____ The data
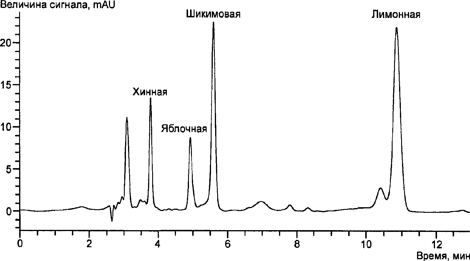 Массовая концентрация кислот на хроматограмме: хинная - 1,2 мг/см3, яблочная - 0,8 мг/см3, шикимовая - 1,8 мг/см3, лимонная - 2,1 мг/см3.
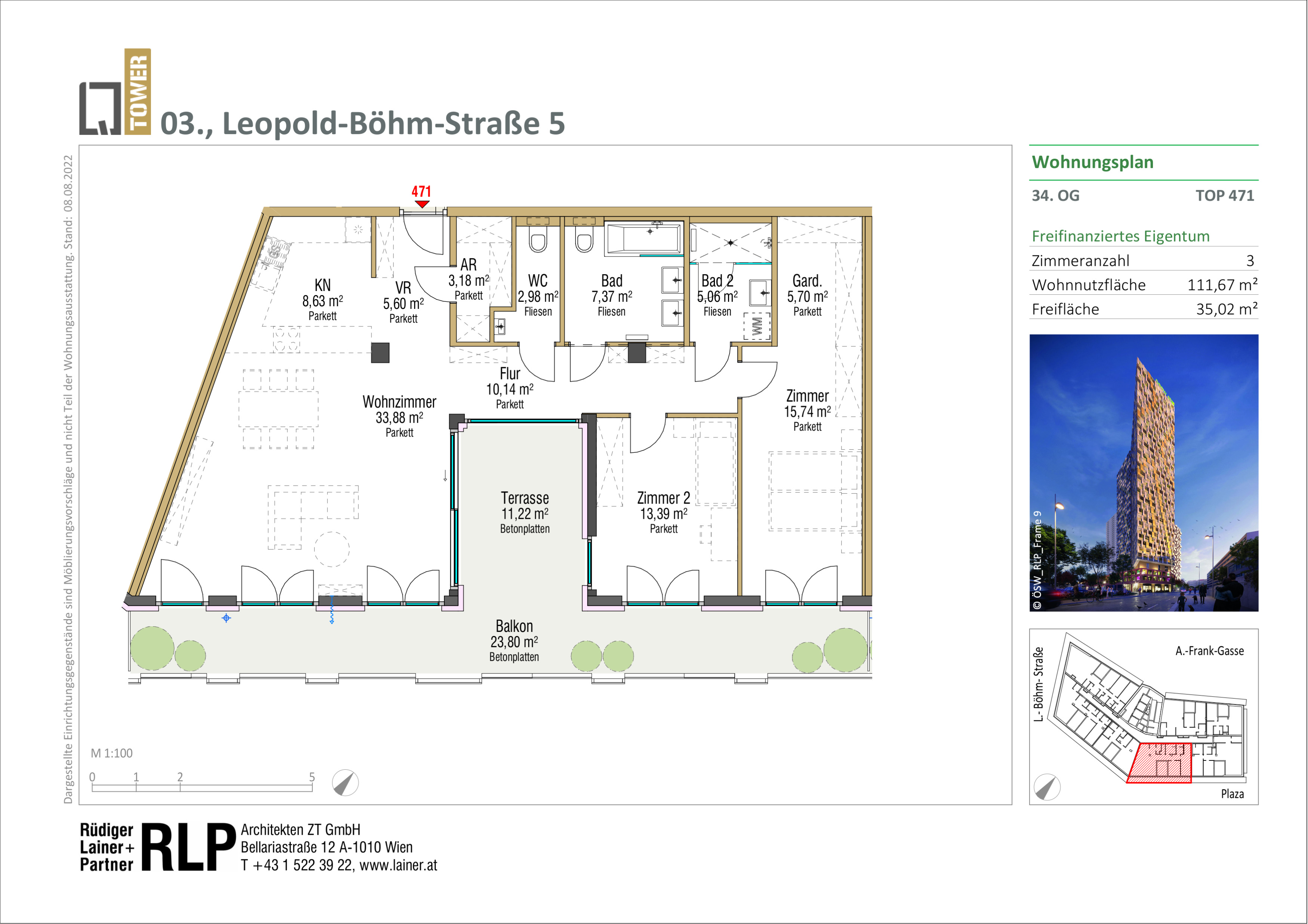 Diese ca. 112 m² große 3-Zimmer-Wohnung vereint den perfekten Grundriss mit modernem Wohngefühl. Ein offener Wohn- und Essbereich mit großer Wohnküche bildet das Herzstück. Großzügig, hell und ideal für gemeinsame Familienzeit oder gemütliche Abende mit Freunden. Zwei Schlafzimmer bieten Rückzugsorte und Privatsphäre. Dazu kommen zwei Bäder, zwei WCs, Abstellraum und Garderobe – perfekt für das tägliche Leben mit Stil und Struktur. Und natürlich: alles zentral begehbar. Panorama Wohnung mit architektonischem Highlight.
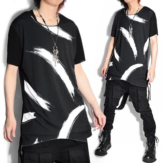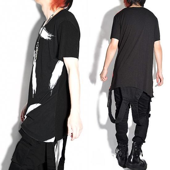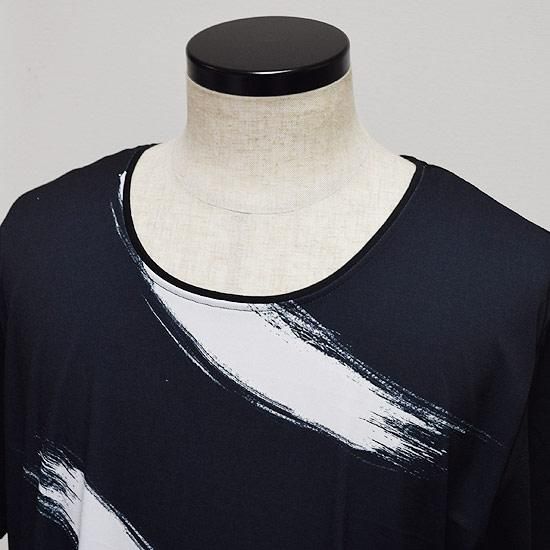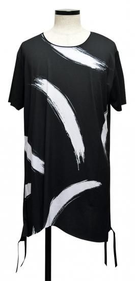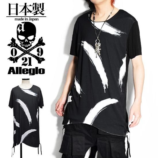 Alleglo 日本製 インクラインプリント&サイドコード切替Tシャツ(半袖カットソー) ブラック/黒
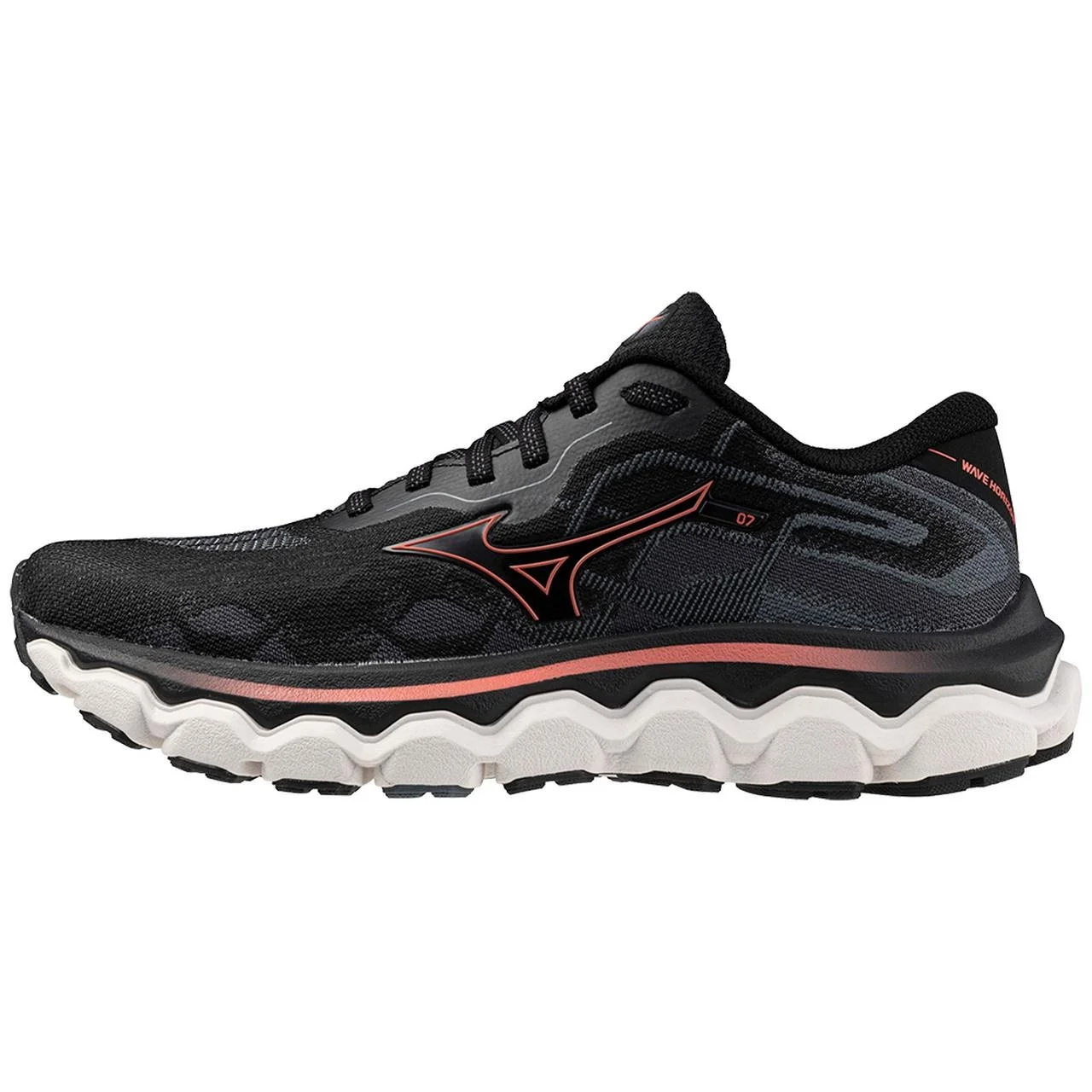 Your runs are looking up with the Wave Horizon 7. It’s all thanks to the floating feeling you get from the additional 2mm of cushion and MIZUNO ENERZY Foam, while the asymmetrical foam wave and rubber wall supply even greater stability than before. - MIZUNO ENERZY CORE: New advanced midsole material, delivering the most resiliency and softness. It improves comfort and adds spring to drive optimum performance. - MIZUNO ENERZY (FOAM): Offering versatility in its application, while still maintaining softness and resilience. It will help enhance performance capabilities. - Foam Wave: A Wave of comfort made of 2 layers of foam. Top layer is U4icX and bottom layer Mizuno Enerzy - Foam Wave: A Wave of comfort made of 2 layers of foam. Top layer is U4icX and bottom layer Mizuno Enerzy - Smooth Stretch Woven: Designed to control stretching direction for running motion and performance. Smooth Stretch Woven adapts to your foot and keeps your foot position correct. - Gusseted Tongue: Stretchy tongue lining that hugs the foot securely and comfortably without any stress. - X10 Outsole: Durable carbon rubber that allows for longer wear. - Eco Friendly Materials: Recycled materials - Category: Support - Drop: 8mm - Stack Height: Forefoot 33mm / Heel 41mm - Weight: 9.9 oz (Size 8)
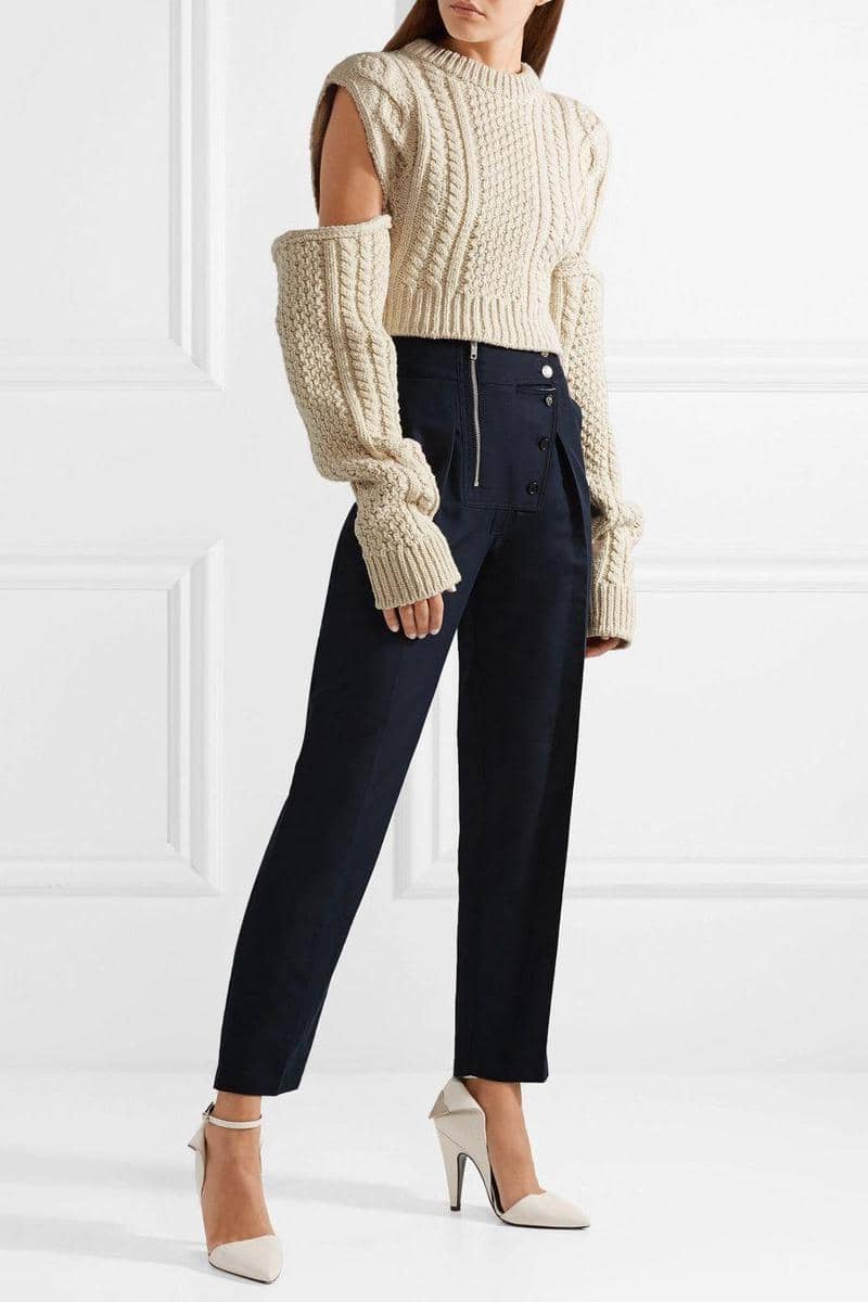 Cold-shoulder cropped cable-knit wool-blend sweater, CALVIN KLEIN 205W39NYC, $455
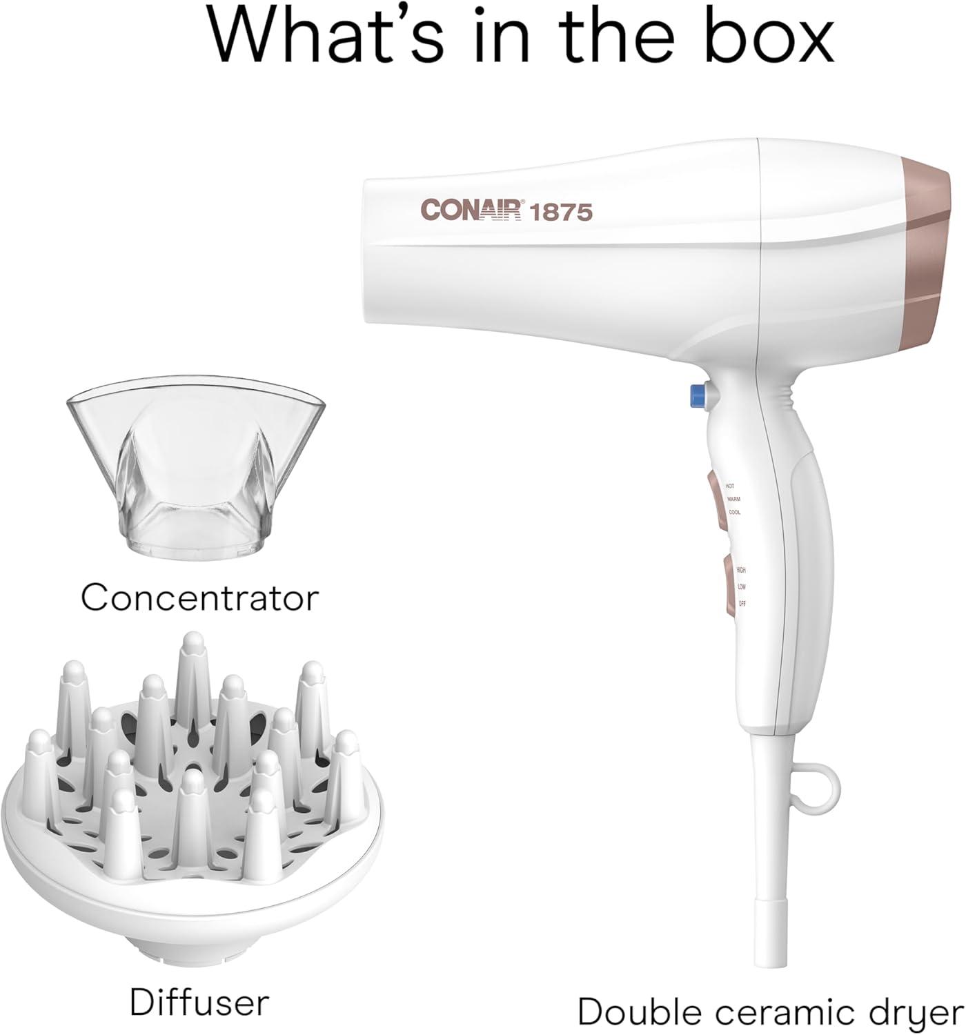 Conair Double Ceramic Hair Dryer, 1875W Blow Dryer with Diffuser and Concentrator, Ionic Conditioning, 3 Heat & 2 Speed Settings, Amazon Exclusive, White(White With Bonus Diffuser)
________
__Problem__: The answer is the whole listing above, written out verbatim, without its pictures.

__Problem solution__:
 Массовая концентрация кислот на хроматограмме: хинная - 1,2 мг/см3, яблочная - 0,8 мг/см3, шикимовая - 1,8 мг/см3, лимонная - 2,1 мг/см3.
 Diese ca. 112 m² große 3-Zimmer-Wohnung vereint den perfekten Grundriss mit modernem Wohngefühl. Ein offener Wohn- und Essbereich mit großer Wohnküche bildet das Herzstück. Großzügig, hell und ideal für gemeinsame Familienzeit oder gemütliche Abende mit Freunden. Zwei Schlafzimmer bieten Rückzugsorte und Privatsphäre. Dazu kommen zwei Bäder, zwei WCs, Abstellraum und Garderobe – perfekt für das tägliche Leben mit Stil und Struktur. Und natürlich: alles zentral begehbar. Panorama Wohnung mit architektonischem Highlight.
 Alleglo 日本製 インクラインプリント&サイドコード切替Tシャツ(半袖カットソー) ブラック/黒
 Your runs are looking up with the Wave Horizon 7. It’s all thanks to the floating feeling you get from the additional 2mm of cushion and MIZUNO ENERZY Foam, while the asymmetrical foam wave and rubber wall supply even greater stability than before. - MIZUNO ENERZY CORE: New advanced midsole material, delivering the most resiliency and softness. It improves comfort and adds spring to drive optimum performance. - MIZUNO ENERZY (FOAM): Offering versatility in its application, while still maintaining softness and resilience. It will help enhance performance capabilities. - Foam Wave: A Wave of comfort made of 2 layers of foam. Top layer is U4icX and bottom layer Mizuno Enerzy - Foam Wave: A Wave of comfort made of 2 layers of foam. Top layer is U4icX and bottom layer Mizuno Enerzy - Smooth Stretch Woven: Designed to control stretching direction for running motion and performance. Smooth Stretch Woven adapts to your foot and keeps your foot position correct. - Gusseted Tongue: Stretchy tongue lining that hugs the foot securely and comfortably without any stress. - X10 Outsole: Durable carbon rubber that allows for longer wear. - Eco Friendly Materials: Recycled materials - Category: Support - Drop: 8mm - Stack Height: Forefoot 33mm / Heel 41mm - Weight: 9.9 oz (Size 8)
 Cold-shoulder cropped cable-knit wool-blend sweater, CALVIN KLEIN 205W39NYC, $455
 Conair Double Ceramic Hair Dryer, 1875W Blow Dryer with Diffuser and Concentrator, Ionic Conditioning, 3 Heat & 2 Speed Settings, Amazon Exclusive, White(White With Bonus Diffuser)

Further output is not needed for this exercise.